BEIJING (Reuters) - Chinese Olympics swimming champion Sun Yang will spend seven days in detention, state media said on Monday, after a car he was driving without a license collided with a bus in the latest incident to taint the reputation of the world record holder.

China's Sun Yang reacts after the men's 1500m freestyle heats during the World Swimming Championships at the Sant Jordi arena in Barcelona in this August 3, 2013 file photo. REUTERS/Michael Dalder/Files

Sun was not injured in the Sunday afternoon accident in the eastern city of Hangzhou, the state-run Xinhua news agency reported.
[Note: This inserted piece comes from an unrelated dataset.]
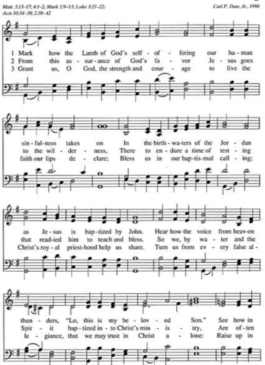
(Continued on next page)

Police have given him seven days of “administrative detention” - which means he will be held in a detention center - and an unspecified fine, Xinhua said, citing Hangzhou police. It provided no other details.

Olympic champion in London last year at the 400 and 1500 meter freestyle events, Sun had earlier taken to his Sina Weibo microblog to say sorry.

“I should have been a role model as an athlete and a public figure but I failed my responsibility,” he wrote on the popular Twitter-like platform.

“I am deeply sorry for what I have done and will reflect on my behavior. Because I have been focusing on training and competition, I had only a hazy knowledge of the law, which led to my mistake,” he added.

“After this incident, I will strengthened my knowledge and study of the law to prevent such a thing from happening again. I hope that everyone will take this as a warning and give me an opportunity to correct my mistake.”

Xinhua reported that Sun was driving a Porsche Cayenne SUV he said he had borrowed from a relative when a bus hit him from behind.

Hangzhou police then discovered he could not produce a driver’s license, the report added.

“After looking into the system, we did not find any record of his license. Sun admitted he did not have one,” an unnamed Hangzhou police officer was quoted as saying.

Sun shot to fame after becoming the first Chinese man to win an Olympic swimming gold medal, transforming him into one of the country’s most sought-after sportsmen.

While Sun, like other Olympic champions, is a popular sports figure in China, this is not the first time he has been in trouble, with Xinhua noting his “stained” personal life, including gossip about his love life and clashes with reporters.

In February he was suspended from all commercial activities for breaching a “series of team rules”. According to Xinhua, Sun had fallen out with his long-time coach Zhu Zhigen who felt the swimmer had too many commercial obligations.

“After a fallout with his coach, Sun is in the news again. Why was him again?” commented Chinese portal Sohu on its sports page. “A question mark is hanging over public figures - how should they behave themselves?”

How the country’s elite behave is a sensitive topic in China, where the government has been trying to fight public anger at the perception that the richer and more privileged a person is, the less likely it is they will be punished for breaking the law.

Reaction on Weibo, where Sun’s crash was the third most commented on topic on Monday, was broadly critical.

More than 4,000 people agreed on a Weibo poll that Sun should be punished, while 700 believed he should be let off.

“Stars should be treated like ordinary people by the law,” wrote one commenter.